Convert dataframe to one-hot matrix.

param df

Input dataframe for which the rows are the features, and colums are the samples.

type df

pd.DataFrame()

param dtypes

Representation of the columns in the form of [‘cat’,’num’]. By default the dtype is determiend based on the pandas dataframe.

type dtypes

list of str or ‘pandas’, optional

param y_min

Minimal number of sampels that must be present in a group. All groups with less then y_min samples are labeled as _other_ and are not used in the enriching model. The default is None.

type y_min

int [0..len(y)], optional

param perc_min_num

This parameters can be used to force variables into numeric ones if unique non-zero values are above the percentage. The default is None. Alternative can be 0.8

type perc_min_num

float [None, 0..1], optional

param hot_only

When True; the output of the onehot matrix exclusively contains categorical values that are transformed to one-hot. The default is True.

type hot_only

bool [True, False], optional

param deep_extract

True: Extract information from a vector that contains a list/array/dict. False: converted to a string and treated as catagorical [‘cat’].

type deep_extract

bool [False, True] (default : False)

param excl_background

Remove values/strings that labeled in the list.

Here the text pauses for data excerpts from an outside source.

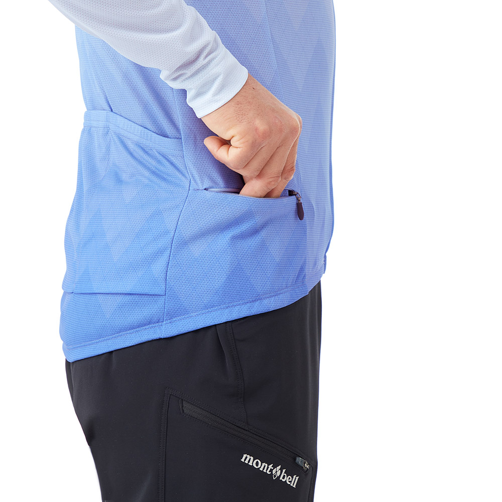 優れた通気性と吸水拡散性を備え、真夏でも快適な着心地のサイクルジャージです。レースシーンを想定し、風の抵抗を減らすタイトなシルエットながら、ストレッチ性に優れているので、ライディング時の動きを妨げません。腕の日焼け対策にも有効です。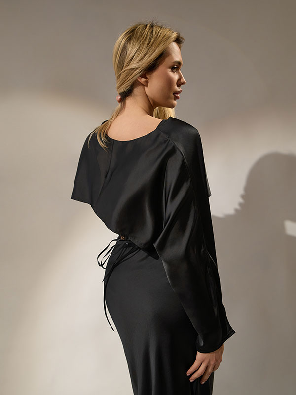 Realizat din atlas fin cu o textură netedă și lucioasă, boleroul se așază frumos pe umeri, oferind confort și un aspect impecabil. Mânecile lungi completează designul elegant, fiind ideal atât pentru evenimente speciale, cât și pentru ținute de zi.
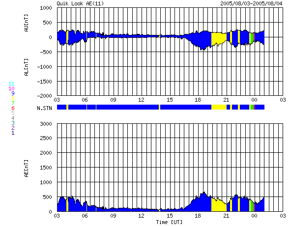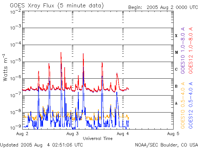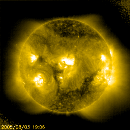 2005/ 8/ 4 11:53 更新 794黒点群が活動度を増しています。太陽風、磁気圏は概ね穏やかです。 担当 篠原 太陽では792、794黒点群が活発に活動を続けています。 GOES衛星によるX線動画を見ると、 ふたつの黒点群が競うように爆発を繰り返しています。 昨日のニュース以降では、3日14時(世界時3日5時)にM3.4の中規模フレアが、 3日23時(世界時3日14時)にC9.3の大きめの小規模フレアがともに794黒点群で発生しています。 794黒点群は規模も拡大しつつあり、今後も注意が必要でしょう。 一方、792群は活動は活発に続けていますが、規模が小さくなる傾向にあるようです。 太陽風は速度450km/秒で、ほぼ通常の状態です。 8月1日のCMEによる乱れが発生するかと予想していましたが、今のところまだ何も見えません。 時間が遅くなるほど、乱れの速度も遅くなっていますので、地球への影響は小さくなります。 今日いっぱいは注目する必要があります。 太陽風磁場の強度は5nT。揺れながらですが、-3nT前後の南向きが続いています。 このため、オーロラの活動度を示すAE指数には500nT前後の小規模の活動が見られています。 速度が速くなく、南向きも比較的弱いのでこの程度の乱れになっているのでしょう。 SOHO EIT284の太陽写真では、太陽の右半分の下寄りにコロナホールが見えています。 コロナホールは更に南(下)へ伸び、南極付近へ広がっています。 このコロナホールの影響が今後見られるかもしれません。 27日周期の図で、前回のこのコロナホールの影響を調べると、 南に寄りすぎていたのか、目立った乱れは発生しなかったようです。 (7月10日の大きな乱れは、CMEによる突発的な現象です) 今回もこのまま穏やかに過ぎていくかもしれません。 SOHO衛星のEIT284カメラの映像 (c) SOHO (ESA & NASA)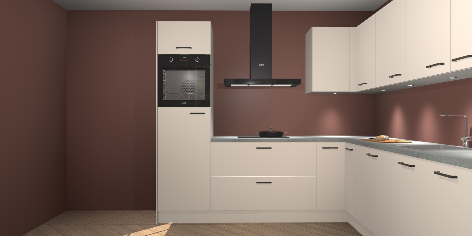 De Kasjmier keuken Debar is uitgerust met vijf inbouwapparaten die elke kooktaak handig en efficiënt maken. Een oven, inductiekookplaat, afzuigkap, vaatwasser en koelkast zijn standaard, maar kunnen na bestelling eenvoudig worden geupgrade naar AEG. Profiteer vervolgens van de softclose deuren voor snelle toegang en geruisloze toegang.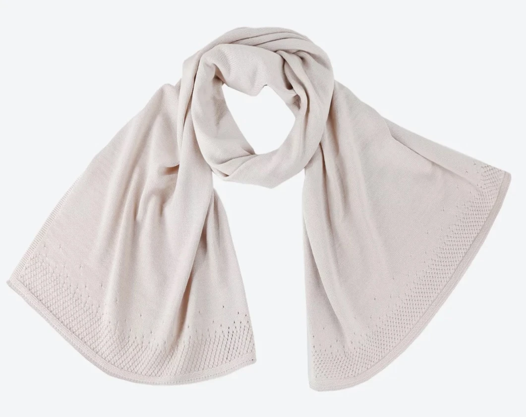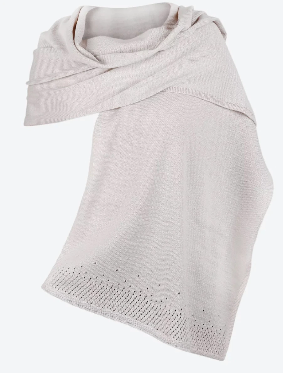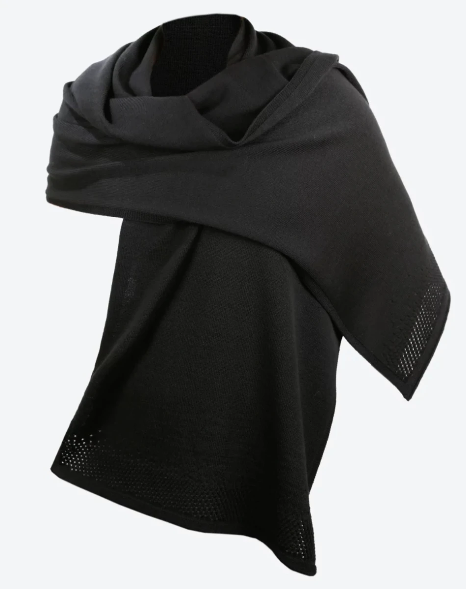 Kama S32: Stylová široká šála, s originálním plastickým vzorem na obou koncích. Je vyrobená ze 50% Merino vlny a 50% akrylu. Díky tomu je hřejivá a velice příjemná na dotek. Šálu je možné nosit jako přehoz přes šaty (pléd), nebo jako šálu ke kabátu.

As an example, the following column: [‘yes’, ‘no’, ‘yes’, ‘yes’,’no’,’unknown’, …], is split into ‘column_yes’, ‘column_no’ and ‘column_unknown’. If unknown listed, then ‘column_unknown’ is not transformed into a new one-hot column. The default is None (every possible name is converted into a one-hot column)

type excl_background

list or None, [0], [0, ‘0.0’, ‘unknown’, ‘nan’, ‘None’ …], optional

param verbose

Print message to screen. The default is 3. 0: (default), 1: ERROR, 2: WARN, 3: INFO, 4: DEBUG, 5: TRACE

type verbose

int, optional

returns
  • dict

  • numeric (DataFrame) – Input-dataframe with converted numerical values

  • onehot (DataFrame) – Input-dataframe with converted one-hot values. Note that continuous values are only removed if hot_only=True.

  • labx (list of str) – Input feature-labels or names

  • df (DataFrame) – Input-dataframe but with set dtypes. Note that df is extended if deep_extract=True

  • labels (list of str) – Column names of df

  • dtypes (list of str) – dtypes for the feature-labels for df in the form of ‘num’ (numerical) and/or ‘cat’ (categorical).

Examples

>>> import df2onehot
>>> df = df2onehot.import_example()
>>> out = df2onehot.df2onehot(df)